# Work instruction
Exclude the pictures, then repeat exactly each line from the one containing "# 上映信息(上映天數(shù)), 排片場次, 排片占比, 綜合票房,累積總票房" to the final line of the records that follow.

BEGIN Data for this exercise

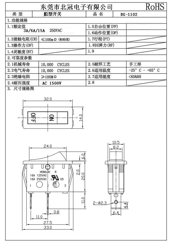 技術(shù)參數(shù)〔SPECIFICATION〕 額定電流、電壓: 6(4)A 250VAC 6A/125A 250VAC 6A 250VAC/10A 125VAC 接觸電阻:≤20mΩ 絕緣電阻:≥100MΩ 介電強度:≥1800VAC/3S 電器壽命:≥10000次
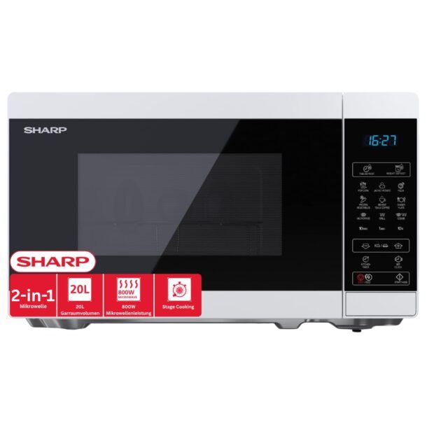 Il microonde Sharp YC-MG02E-W si presenta come un elettrodomestico versatile e funzionale, ideale per chi cerca efficienza e praticità in cucina. Con una capacità di 20 litri, questo microonde offre uno spazio sufficiente per riscaldare o cucinare porzioni generose, senza occupare troppo spazio sul piano di lavoro grazie alle sue dimensioni compatte di 32,4 x 44 x 25,8 cm.
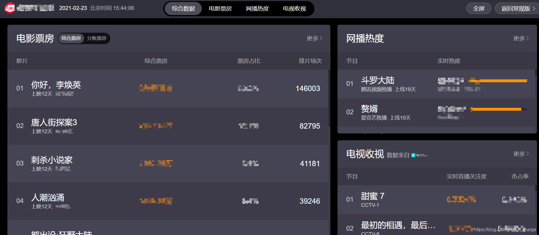 # 上映信息(上映天數(shù)), 排片場次, 排片占比, 綜合票房,累積總票房
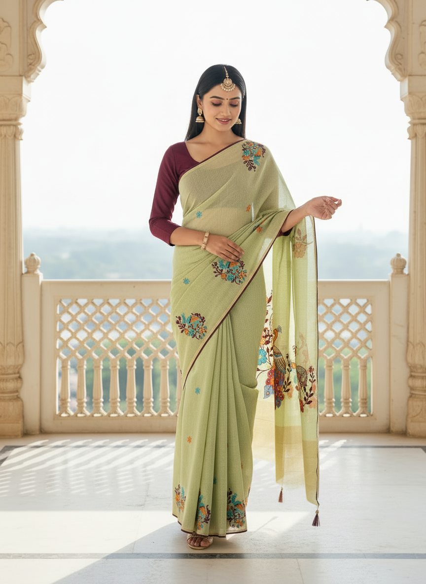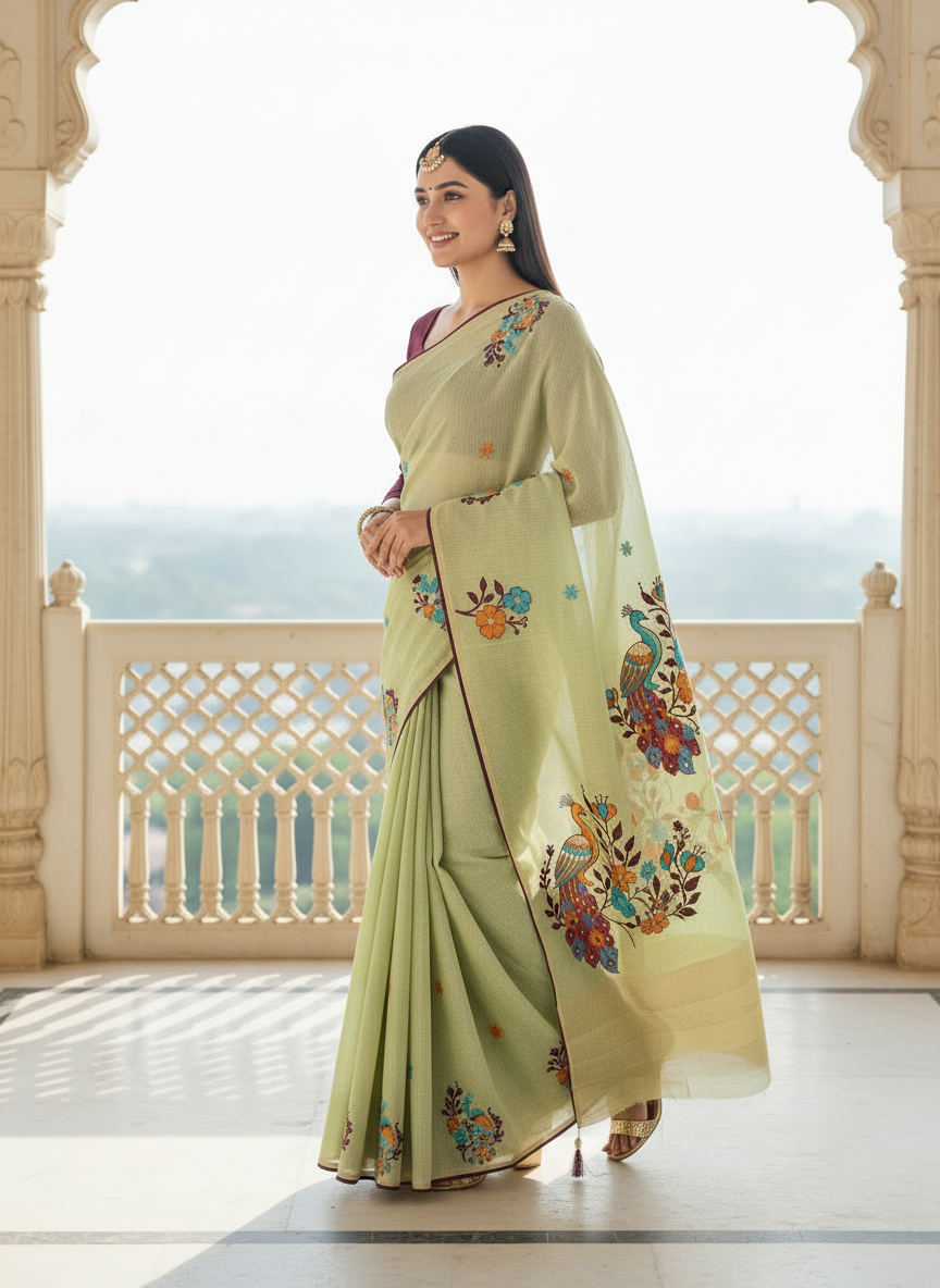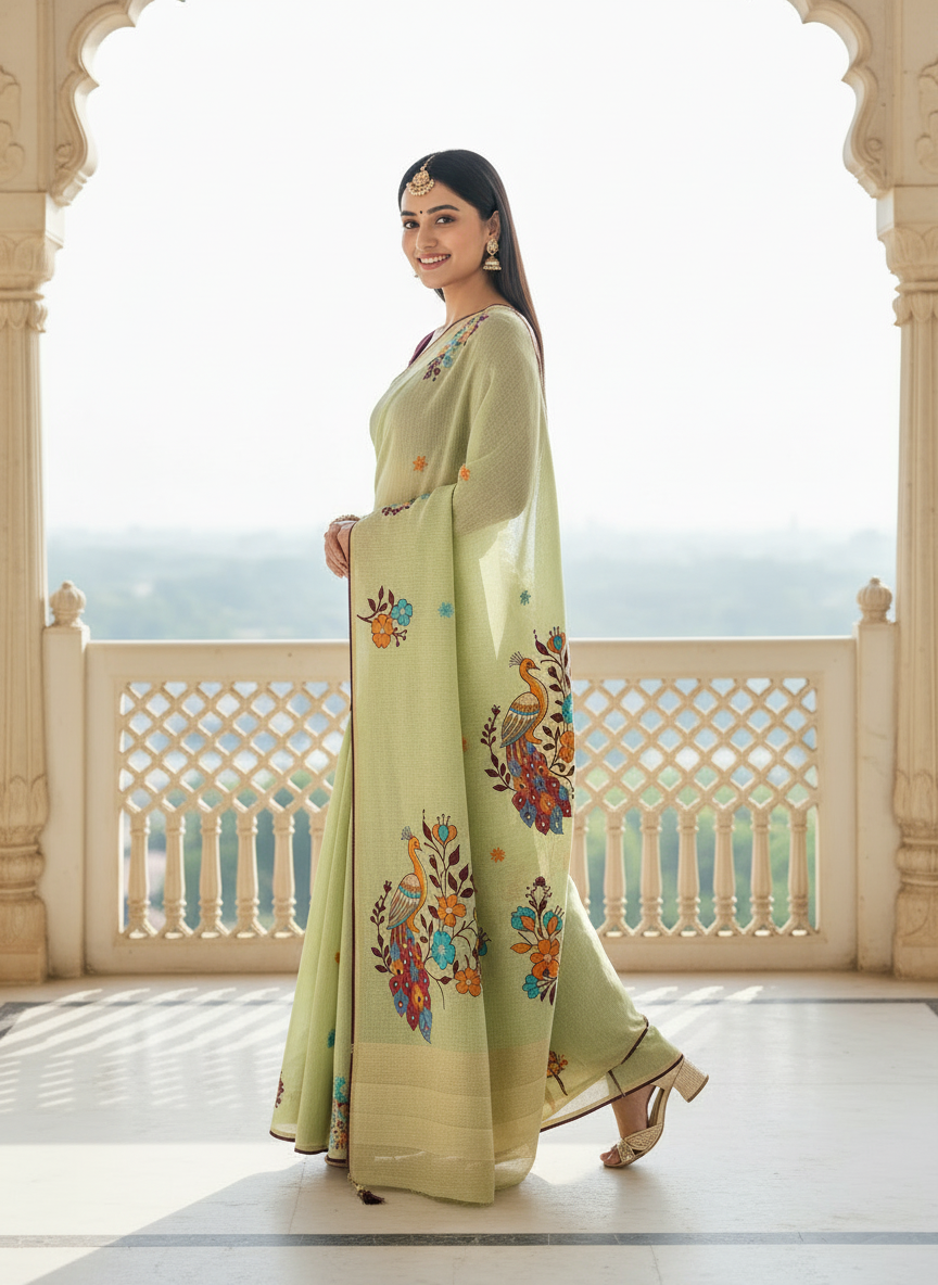 An elegant pastel green saree adorned with intricate peacock and floral embroidery, perfect for festive occasions, weddings, and graceful day events.
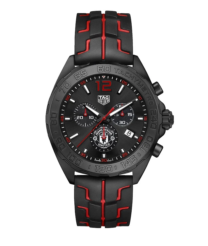 Первая модель сделана в спортивном стиле, часы исполнены в черной цветовой гамме с красными вкраплениями в виде цифр, стрелки счетчиков хронографов и секундной стрелки. Спортивный стиль в этой модели определяет черно-красный каучуковый ремешок. Болельщику «Манчестер Юнайтед» такие часы обойдутся в 96 000 рублей.
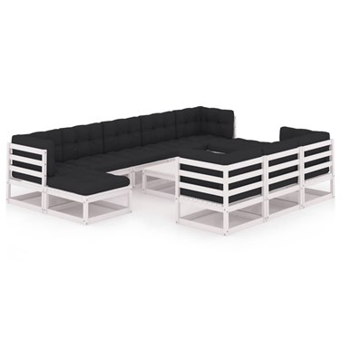 Maison exclusive - salon de jardin 11 pcs avec coussins blanc bois de pin massif
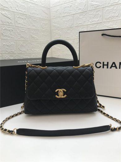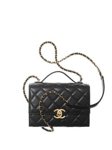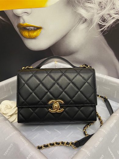 CHANEL MINI FLAP BAG WITH HANDLE LAMBSKIN GOLD METAL BLACK AS2796 B06687 94305
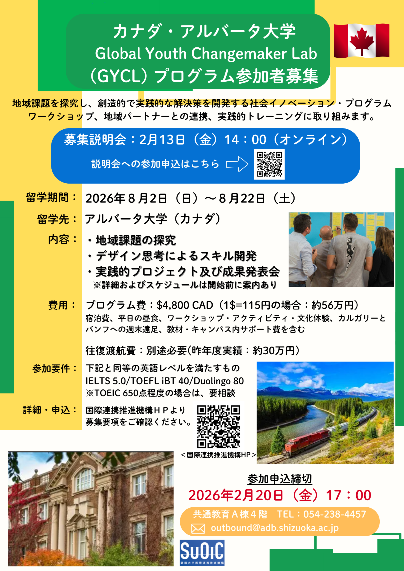 費用:プログラム費 $4,800 CAD、往復渡航費、その他諸費用
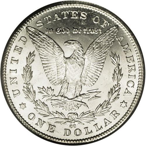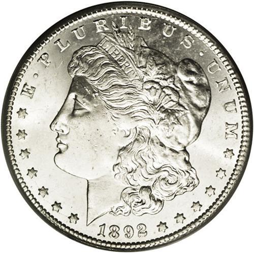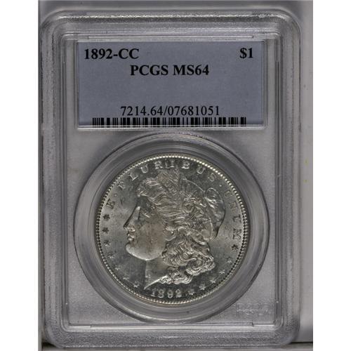 <B>1892-CC<img border='0' src='http://www.heritagecoins.com/images/star.gif' width=10 height=10>$1> MS64 PCGS.</B></I> One of the more desirable of the Carson City Mint Morgan dollars, here represented by a brilliant, untoned near-Gem example. This piece appears quite high-end for the grade, although a few abrasions around Liberty's eye prevent a higher grade. Yet the strike is bold save for some weakness on the hair over the ear, the scintillating luster is breathtaking, and the eye appeal is enormous. Many light hairline die cracks are seen on both sides under a loupe.

END Data for this exercise

# Answer to this problem
 # 上映信息(上映天數(shù)), 排片場次, 排片占比, 綜合票房,累積總票房
 An elegant pastel green saree adorned with intricate peacock and floral embroidery, perfect for festive occasions, weddings, and graceful day events.
 Первая модель сделана в спортивном стиле, часы исполнены в черной цветовой гамме с красными вкраплениями в виде цифр, стрелки счетчиков хронографов и секундной стрелки. Спортивный стиль в этой модели определяет черно-красный каучуковый ремешок. Болельщику «Манчестер Юнайтед» такие часы обойдутся в 96 000 рублей.
 Maison exclusive - salon de jardin 11 pcs avec coussins blanc bois de pin massif
 CHANEL MINI FLAP BAG WITH HANDLE LAMBSKIN GOLD METAL BLACK AS2796 B06687 94305
 費用:プログラム費 $4,800 CAD、往復渡航費、その他諸費用
 <B>1892-CC<img border='0' src='http://www.heritagecoins.com/images/star.gif' width=10 height=10>$1> MS64 PCGS.</B></I> One of the more desirable of the Carson City Mint Morgan dollars, here represented by a brilliant, untoned near-Gem example. This piece appears quite high-end for the grade, although a few abrasions around Liberty's eye prevent a higher grade. Yet the strike is bold save for some weakness on the hair over the ear, the scintillating luster is breathtaking, and the eye appeal is enormous. Many light hairline die cracks are seen on both sides under a loupe.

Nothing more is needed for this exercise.